Gen. Bergner said the fighting in Tal Afar, and other parts of northwest Iraq, has resulted in severe damage to al Qaeda in Iraq, which is headed by Zarqawi, who has pledged allegiance to Osama bin Laden.

Al Qaeda's murderous ways have also prompted more Iraqis to join the democracy movement and provide tips on the location of the enemy and of hidden IEDs, according to the general.

"The population here is no longer on the fence," Gen. Bergner said. "They want freedom."

The general said weekly attacks have dropped from about 110 last winter to 60 to 70 today.

"That's largely enabled by the Iraqi people coming forward and reporting things that they didn't have the confidence to do before," he said.

Northwest Iraq, like the rest of the country, is preparing for an Oct. 15 referendum on a new constitution that will pave the way for elections in December of a permanent parliament.
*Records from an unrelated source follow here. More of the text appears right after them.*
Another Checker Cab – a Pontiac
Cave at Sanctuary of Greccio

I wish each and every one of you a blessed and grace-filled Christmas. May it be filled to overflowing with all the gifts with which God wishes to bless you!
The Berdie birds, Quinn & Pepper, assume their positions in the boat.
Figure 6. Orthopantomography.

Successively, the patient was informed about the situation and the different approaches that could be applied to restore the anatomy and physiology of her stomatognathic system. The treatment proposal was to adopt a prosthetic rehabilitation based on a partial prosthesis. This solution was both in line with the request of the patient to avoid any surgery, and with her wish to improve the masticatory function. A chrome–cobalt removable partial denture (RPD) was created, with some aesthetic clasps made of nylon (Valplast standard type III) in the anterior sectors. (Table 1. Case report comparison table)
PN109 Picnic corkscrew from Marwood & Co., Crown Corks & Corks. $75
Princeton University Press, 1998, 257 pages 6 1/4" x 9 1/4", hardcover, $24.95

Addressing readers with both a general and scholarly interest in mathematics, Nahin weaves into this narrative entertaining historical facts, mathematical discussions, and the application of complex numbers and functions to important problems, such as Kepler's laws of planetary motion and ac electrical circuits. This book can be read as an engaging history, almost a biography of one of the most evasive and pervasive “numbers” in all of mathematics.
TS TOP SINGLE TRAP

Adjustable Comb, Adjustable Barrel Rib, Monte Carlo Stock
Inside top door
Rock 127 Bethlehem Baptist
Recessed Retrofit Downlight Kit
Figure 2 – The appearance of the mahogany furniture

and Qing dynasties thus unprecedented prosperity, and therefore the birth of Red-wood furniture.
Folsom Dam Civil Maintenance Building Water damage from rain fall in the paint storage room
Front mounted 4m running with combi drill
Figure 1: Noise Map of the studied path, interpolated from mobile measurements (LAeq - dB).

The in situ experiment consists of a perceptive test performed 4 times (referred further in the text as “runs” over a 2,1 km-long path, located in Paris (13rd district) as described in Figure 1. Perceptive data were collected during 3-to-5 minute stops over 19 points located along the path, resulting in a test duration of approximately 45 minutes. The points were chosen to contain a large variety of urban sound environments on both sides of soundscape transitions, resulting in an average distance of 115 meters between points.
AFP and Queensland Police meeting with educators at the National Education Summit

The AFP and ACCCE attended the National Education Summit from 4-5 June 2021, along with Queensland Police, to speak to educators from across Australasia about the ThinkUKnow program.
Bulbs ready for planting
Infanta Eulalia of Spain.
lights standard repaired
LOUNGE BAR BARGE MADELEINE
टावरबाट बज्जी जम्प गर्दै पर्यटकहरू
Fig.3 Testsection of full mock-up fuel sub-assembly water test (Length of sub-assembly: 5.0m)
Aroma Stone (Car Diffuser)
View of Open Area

More than 100,000 new voters have registered in the north.

In Tal Afar, the coalition is working to create a police force that will keep the city in coalition hands once the Iraqi army withdraws.

The United States has trained an Iraq security force of more than 180,000, but few units can operate totally on their own without American assistance.

"Many are capable of limited independent operations at the small unit level right now," Gen. Bergner said. "Police are shooting back when they get shot at."